Он не услышал тяжелого вздоха Сехуна, не увидел его взгляда, обращенного к Чайке и то, как он погладил пса по голове с шепотом: «Может, это будет твой будущий хозяин. Мне правда будет тебя не хватать, приятель».

Нет, он этого не услышал.

 

Только решительно проходил мимо каждого подъезда и тыкал в них пальцем с вопросом: «В этом? Или в этом?»

Сехун оказался жителем восьмого этажа сорок пятой квартиры. И весь путь в закрытом, металлическом коробе Лухан разглядывал свои ступни. Слушал крученье шестеренок и пытался сосчитать белые ворсинки на хвосте-колечке. Потому что боялся поднимать взгляд на сливочную шею, и острый подбородок, и бистровые глаза, сверлящие сейчас его макушку.

Чайка сразу же убежал вдоль коридора, видимо, на кухню, потому что послышалось скольжение миски по ламинату.

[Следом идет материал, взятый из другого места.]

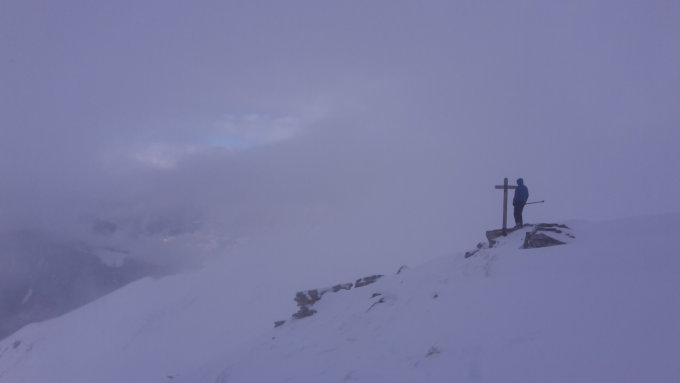 Just auf dem Gipfel angekommen, klarte auch die Sicht auf und wir konnten dann auf der anschliessenden Abfahrt einige schöne Pulverschwünge geniessen. Nordabfahrt und Tschipparälle haben wir ausgelassen.

Квартира Сехуна оказалась слишком светлой для его хозяина. Мебельный минимализм его комнаты состоял из узкого раскладного дивана жемчужного цвета, небольшого стола из светлого дерева и гладкого комода. Однако она не казалось пустой из-за большого количества разбросанных вещей, которые не придавали вид неопрятности и некомфортности. На светлые стены натянуты веревки с фотографиями, а пластиковые прищепки валяются на полу, простые карандаши торчали из под подушек дивана, а рядом лежали клубки скрученной пленки. Пустой стаканчик из под кофе и блокнот в кожаном переплете украшали стол. На комоде стоит не заведенный маятник Ньютона.

 

Лухан тут же замер посреди комнаты, не в силах вздохнуть. Самое удивительное, самое необычное и непредсказуемое, то, чего он не ожидал даже от Сехуна… Фотографии вокруг. На нескольких изображалось бушующее в шторм море и ночное сияние звезд, пару закатов или рассветов, но остальные… На остальных был Лухан. Везде. Повсюду. Разбросанные на столе, прикрепленные к натянутой веревке, на диване, и в виде закладки в блокноте. В самых разных ракурсах и в разные моменты. Угол школьного коридора, когда Лухан возится с сумочным замком или вытягивает руку в сторону, окликая уже убежавшего Чонина, когда возле черной калитки набрасывает на голову капюшон, неуверенно поглядывая в темное небо, когда прислоняется к толстому стволу тополя и быстро строчит недописанные строки заданного на дом сочинения, когда улыбается и хмурится, когда убегает вдаль, едва попав в кадр, и когда почти что смотрит прямо в камеру.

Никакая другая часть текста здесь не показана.